2.01.2009

Kathleen Fraser on Beverly Dahlen



Thinking about BEVERLY DAHLEN’s presence among us

On a bookshelf, to the left of my work desk, close at hand — where I can see their names and titles and reach for them—stands a particular family of books that have provided for me, since the seventies, a unique intellectual and spiritual fuel for the work of writing beyond, and at a sideways angle, to what once presented itself as a fixed yet devotional world of poetic models.

Across the topmost shelf are the works of Beverly Dahlen, Frances Jaffer and Rachel Blau DuPlessis, together with Barbara Guest, Lorine Niedecker and H.D. Theirs were the poems that sustained me in that particular struggle of the ‘70s to claim legitimacy for a voice located & described from, among other things, a gender’d perspective shaped by Dickinson’s need to tell it slant.

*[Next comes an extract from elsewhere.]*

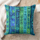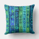 Cojín Decorativo Boho artístico verde azul a rayas
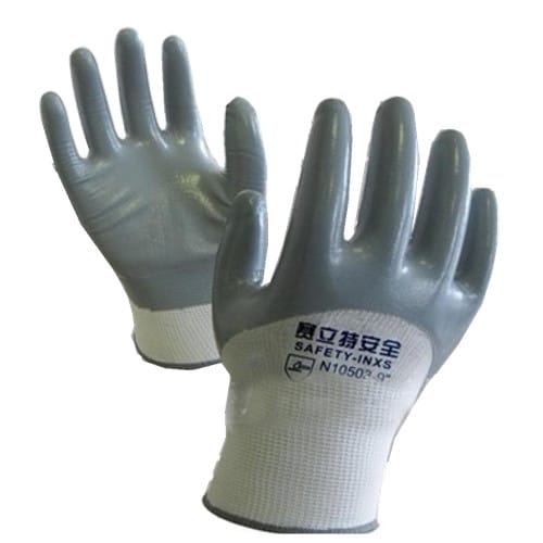 13针白色复合丝针织手套,手掌3/4浸丁睛光面涂层

In my shift to the West Coast, it was Beverly’s work that I first encountered as my contemporary--a force of urgent psychological investigation and risk; a mapping of grief’s ancient lineage (its substitutions and wreckage), the pervasive history of our own generation’s political / economic class divides (fury, flat out)…and the notation of these registers as the stop & start of ambivalence and hesitancy willing to make itself visible within the certain intentions of the poem’s making.


Zero, the neonate, the not nothing. The potential.

that was the problem of the new, that something was
potential within the void, that certain potentialities were
appearing constantly, and that it was a larger problem than
that. When did you get the news. How long would it take you
to find that out. When would it reach your ears, finally, that
the world was not flat, that the sun did not come up, that we
came up rather around it.

[ Page 80, from “A Reading—8-10”, Oct. 29-Dec. 31, 1979]


I met Beverly through the poets Mark Linenthal and Frances Jaffer, with whom we later shared Poetry Center work at San Francisco State as well as variously constructed conversations around current poetic practice. But before that work began, and soon after I moved from NYC to San Francisco, Beverly invited me to join a small group of writers who met regularly to read theirs and others’ poems aloud, followed by a give & take discussion.Members included Bev, George Stanley, Larry Felson, Bill Anderson and Jack Gilbert—a very feisty group. The conversations were investigative, rigorous and often politically at odds; the writing tended towards a model of understatement, modesty and severity that stood in great contrast to the rollicking, performative and painterly world of NY school writing I’d encountered previously on the Lower East Side. A necessary correction began to register, already implanted by the work of George Oppen. The times felt perilous and
beyond difficult.

Spicer’s work figured prominently in these discussions and arrived as essential news, an invitation to trust the peculiar shifts and juxtapositions of one’s interior “babble.” His thinking described what I recognized to be the case but had found no language for. At its simplest, I took his idea of the poet as transmitting/receiving instrument, capable of casting broadly—through time and distance—with the capacity to capture and channel the detail that awaited noticing, decoding and voicing within one’s evolving community. Importantly, it defined and underlined a place for each poet willing to make the jump without the guarantee of a readership.


A few years later, Frances Jaffer invited Bev and me to join her in an informal writing group and it was within these years of sharing work that we began to read essays by several of the prominent French women post-structuralist thinkers who followed and /or took issue with leading French philosophers. We read Carolyn Burke’s translation of Luce Irigaray in the journal SIGNS and through a friendship with George and Mary Oppen, we began to read the essays of Rachel Blau DuPlessis. I mention these American scholar/writers, in particular, because the works they were writing about suggested parallel ideas of linguistic rupture and clamoring, multiple selves — vs. the singular self — wanting voice. In these writings we began to find an exciting permission to assert the poetics and related practices that each of us was attempting to forge in her own way.

This was the core conversation that led to the necessity of our inventing the modest journal HOW(ever) that saw its first publication in May 1983 and continued through January of 1991. We were joined in 1985 by Susan Gevirtz, with co-editing work on numbers 1-3,of the final volume VI (1990-91) by Myung Mi Kim and Meredith Stricker.

What I’ve described is not finished; but it was approximately at this point when non-mainstream poetics and practice began to enter the known terrain of the writing community and contributed to the multiplicity we all now almost take for granted.

Beverly’s oracular voice has always been a singular part of this claim, with its
uncompromising insistence on transmitting the frayed and fragile nature of being human, providing a gathering point we are all sustained by. I believe I can speak for many of us here, whose poetry has expanded and deepened because of that writing Beverly has continued to listen for and pin down…and let fly.